Using StartTLS connections

You can set start_tls to true to use StartTLS to secure the connection to the directory service. Any certificates you configured through the DS trust chain setting are used to verify the identity of the directory service. If you set start_tls to true, make sure ssl is set to false.

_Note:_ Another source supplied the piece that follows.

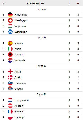 У неділю, 16 червня, у рамках третього ігрового дня першого туру групового етапу чемпіонату Європи-2024 у Німеччині відбулися три матчі.

Disabling matching rule in chain

When PE detects an Active Directory that supports the LDAP_MATCHING_RULE_IN_CHAIN feature, PE automatically uses it. Under specific circumstances, you might need to disable this setting by setting disable_ldap_matching_rule_in_chain to true. Otherwise, this setting is optional.

Response format

Returns 200 OK with an object showing the updated connection settings. For example:
{
  "help_link": "https://help.example.com",
  "ssl": true,
  "group_name_attr": "name",
  "password": <password>,
  "group_rdn": null,
  "connect_timeout": 15,
  "user_display_name_attr": "cn",
  "disable_ldap_matching_rule_in_chain": false,
  "ssl_hostname_validation": true,
  "hostname": "ldap.example.com",
  "base_dn": "dc=example,dc=com",
  "user_lookup_attr": "uid",
  "port": 636,
  "login": "cn=ldapuser,ou=service,ou=users,dc=example,dc=com",
  "group_lookup_attr": "cn",
  "group_member_attr": "uniqueMember",
  "ssl_wildcard_validation": false,
  "user_email_attr": "mail",
  "user_rdn": "ou=users",
  "group_object_class": "groupOfUniqueNames",
  "display_name": "Acme Corp Ldap server",
  "search_nested_groups": true,
  "start_tls": false
}

For errors, refer to RBAC service errors.